## Provided data:
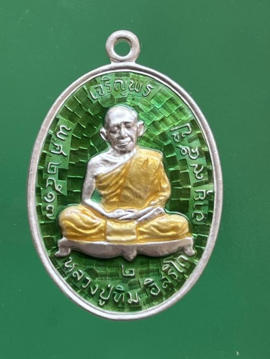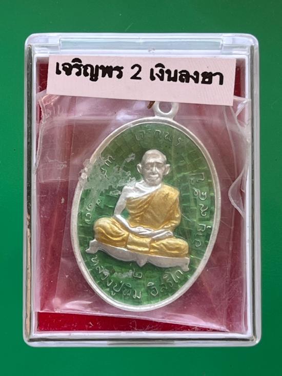 เหรียญเจริญพร 2 เนื้อเงินลงยาเขียว สวยๆ หมายเลข 1711 เคาะเดียว
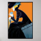 Dies ist meine Version eines wunderschönen Vintagen Jugendstil-Drucks eines unbekannten Künstlers, der ursprünglich ein Werbeplakat für den Marco Polo Tea Room in München war. Das Gemälde zeigt eine exquisit gekleidete junge Frau mit blonden Haaren, die aus einer blauen China des Marco-Polo-Tees knistern. Sie trägt ein elegantes Kleid mit einem hohen Halsband und extravaganten Hut mit blauen Rose und schwarzen Federn. Sie sitzt auf einem blauen Ledersofa und sieht sehr eckig aus. Der Hintergrund ist lebhaft orange. Das Plakat wäre das ideale Geschenk für Bewunderer des Jugendstils, der Vintagen Kunst und Teetrinker!
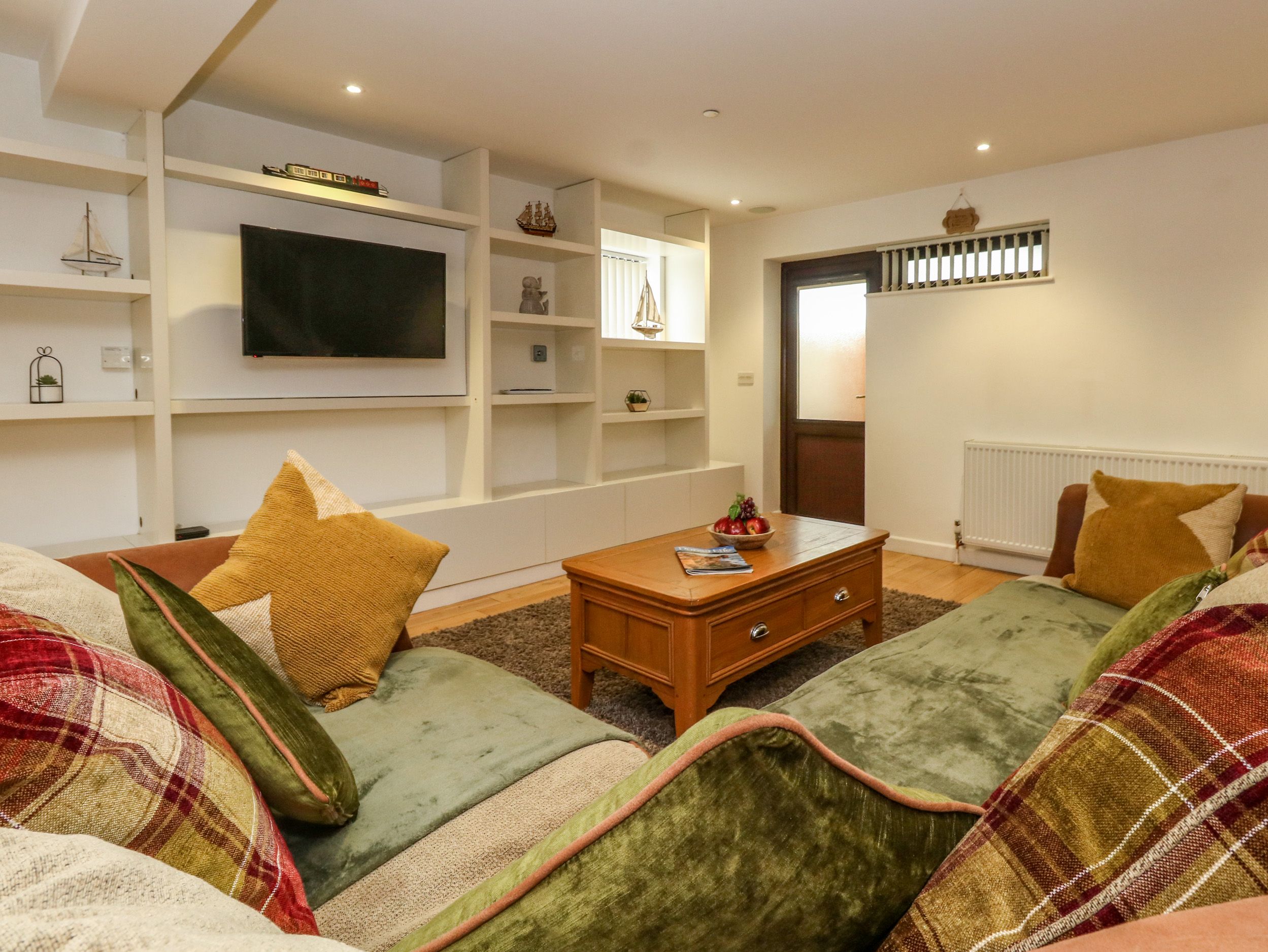 Accomodation Details Three bedrooms: 1 x double with TV and en-suite basin and WC, 1 x ground-floor double with high level windows with TV, 1 x twin with TV. Ground-floor shower room with walk-in shower, basin, heated towel rail, and WC. Kitchen. Living/dining room

## What you are asked to do:
Everything in the data except the pictures must appear in your answer unchanged.

## Response to this exercise:
 เหรียญเจริญพร 2 เนื้อเงินลงยาเขียว สวยๆ หมายเลข 1711 เคาะเดียว
 Dies ist meine Version eines wunderschönen Vintagen Jugendstil-Drucks eines unbekannten Künstlers, der ursprünglich ein Werbeplakat für den Marco Polo Tea Room in München war. Das Gemälde zeigt eine exquisit gekleidete junge Frau mit blonden Haaren, die aus einer blauen China des Marco-Polo-Tees knistern. Sie trägt ein elegantes Kleid mit einem hohen Halsband und extravaganten Hut mit blauen Rose und schwarzen Federn. Sie sitzt auf einem blauen Ledersofa und sieht sehr eckig aus. Der Hintergrund ist lebhaft orange. Das Plakat wäre das ideale Geschenk für Bewunderer des Jugendstils, der Vintagen Kunst und Teetrinker!
 Accomodation Details Three bedrooms: 1 x double with TV and en-suite basin and WC, 1 x ground-floor double with high level windows with TV, 1 x twin with TV. Ground-floor shower room with walk-in shower, basin, heated towel rail, and WC. Kitchen. Living/dining room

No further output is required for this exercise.